To gain insights into the mechanism through which exosomal miR-99a-5p promotes EOC cell invasion, comprehensive proteomics analyses were performed through the TMT method. In HPMCs transfected with miR-99a-5p, several proteins were upregulated (more than 1.5-fold) compared with those transfected with negative control miRNA (Table 2). Since the enforced expression of miR-99a-5p in HPMCs promoted EOC cell invasion, we focused on fibronectin and vitronectin, which are related to extracellular matrix organization. As a validation assay, western blotting was performed and HPMCs transfected with miR-99a-5p showed significantly enhanced expression of fibronectin and vitronectin compared with that in cells transfected with negative control (Fig. 5a).
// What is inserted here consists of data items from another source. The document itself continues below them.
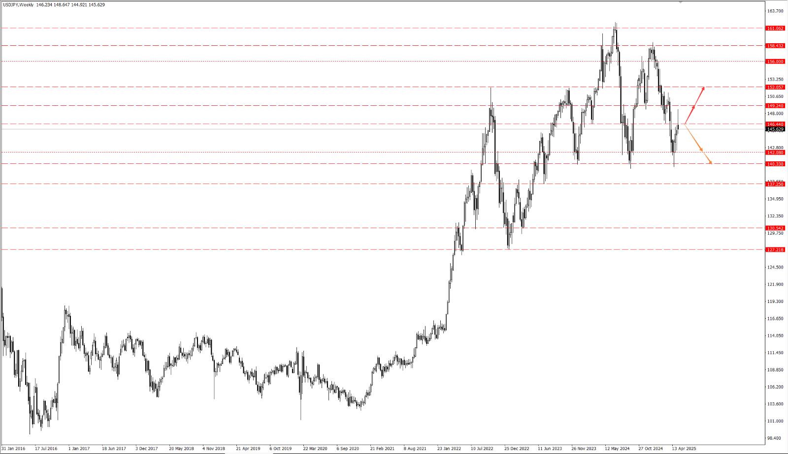 - 上周美元兑日元冲高回落至关键位置 146.44 一线下方,本周依旧关注周多空分届 146.44 一线;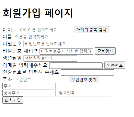 아이디 중복검사, 비밀번호 중복검사, 인정번호전송,우편번호찾기는 구현하지 않았다. 하나씩 구현할 예정입니다~!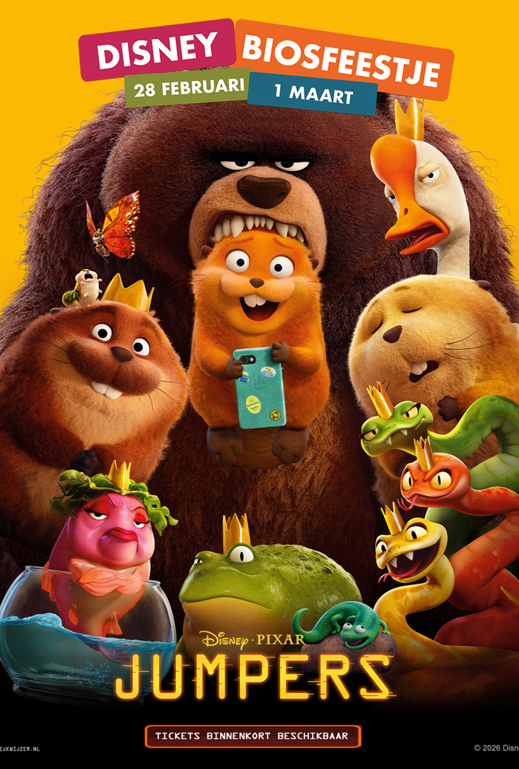Op zaterdag 28 februari en zondag 1 maart jumpen wij naar de wereld van Jumpers. In deze gloednieuwe Pixar film volgen wij Mabel. Zij raakt verwikkeld in een wild avontuur wanneer zij de kans krijgt haar bewustzijn te ‘hoppen’ in een robotachtige bever. Met deze technologie kan zij niet alleen dieren begrijpen, maar ook met ze communiceren. In deze dierenwereld staat alles op zijn kop. Maak kennis met allerlei nieuwe personages in een filmervaring die je absoluut niet wil missen! Het Disney Biosfeestje staat helemaal in het thema van Jumpers. Alle kinderen krijgen bij binnenkomst een kleinigheidje in het thema van de film, met daarbij natuurlijk wat lekkers te eten en drinken! Ben jij klaar voor dit onvergetelijke avontuur? Jump dan met ons mee naar de wereld van Jumpers!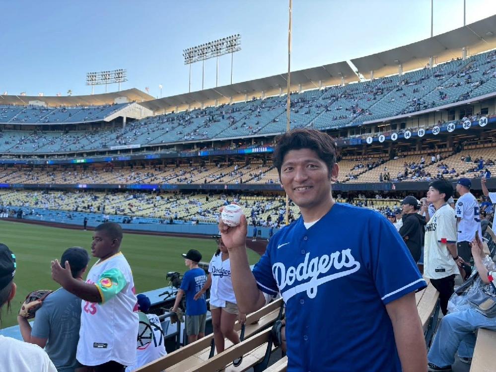なんとバッティング練習の最中に、奇跡的にホームランボールをキャッチ‼️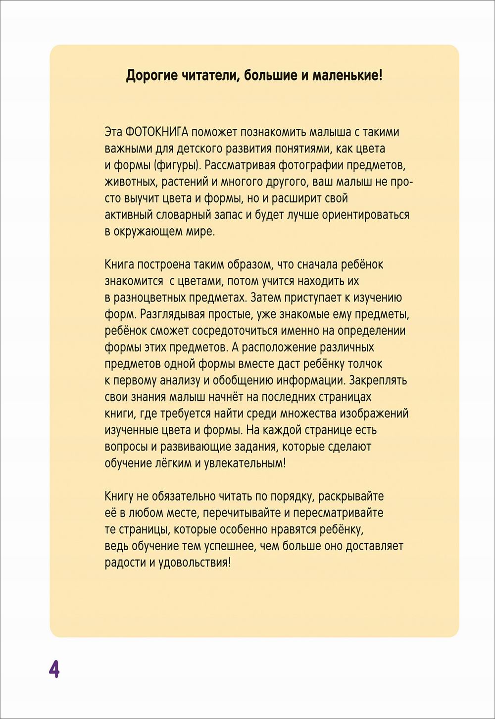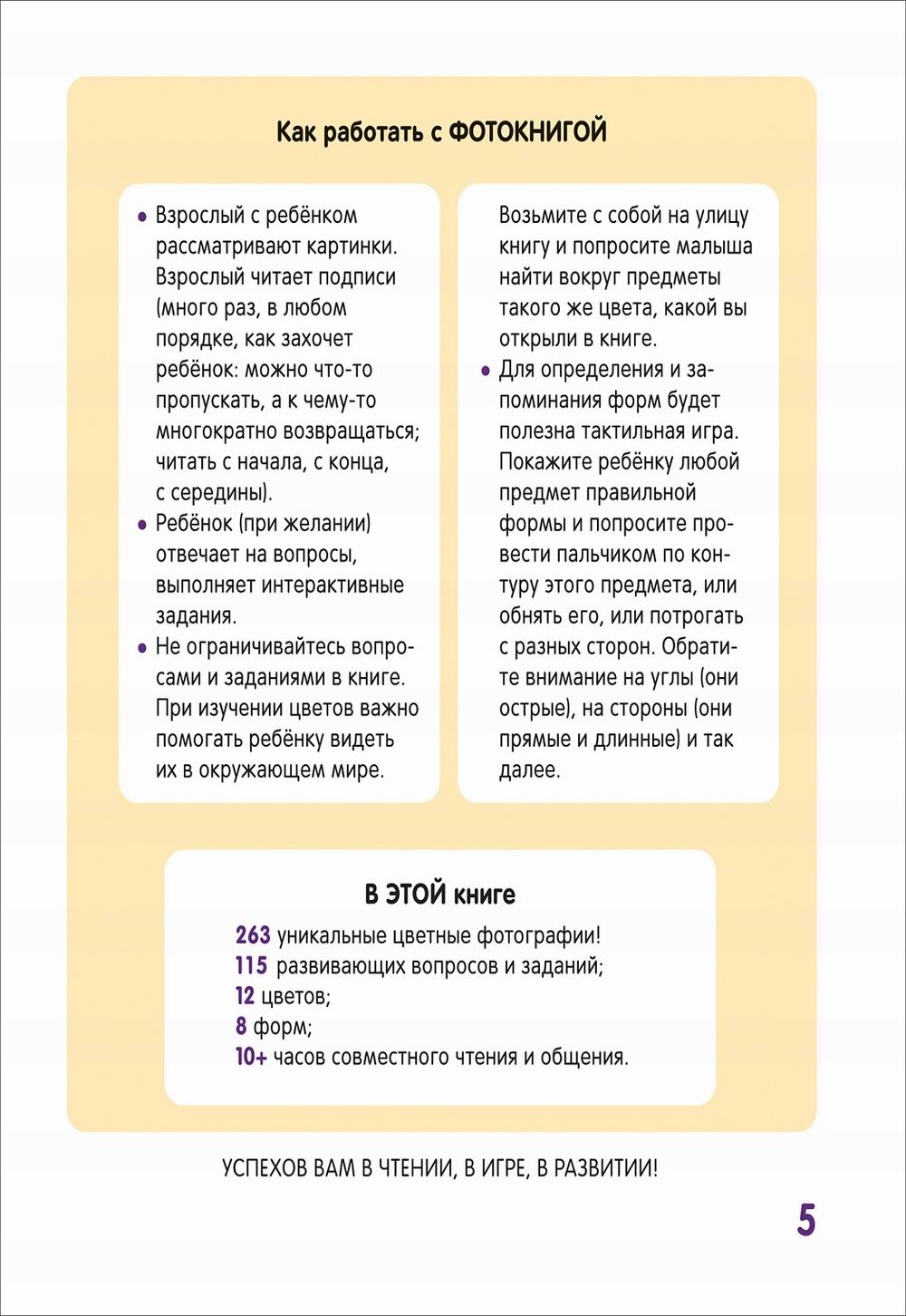 В этой яркой и интересной книге собрано более 200 фотографий, которые познакомят ребенка с миром вокруг, назовут и покажут окружающие его предметы и при этом научат различать более 10 цветов и множество форм (не только круг, квадрат, треугольник, но и многие другие). На каждой странице ребенка ждут интересные вопросы и задания, развивающие логику, внимание, расширяющие кругозор.| Издательство | РОСМЭН |

Similarly, transfection of HPMCs with EOC-derived exosomes, compared with IOSE-derived exosomes, drastically enhanced the expression of fibronectin and vitronectin (Fig. 5b). The enhanced expression of these proteins was significantly attenuated by transfection with the specific inhibitor of miR-99a-5p (Fig. 5c, d), suggesting that EOC-derived exosomes upregulate the expression of fibronectin and vitronectin in HPMCs through the transfer of miR-99a-5p.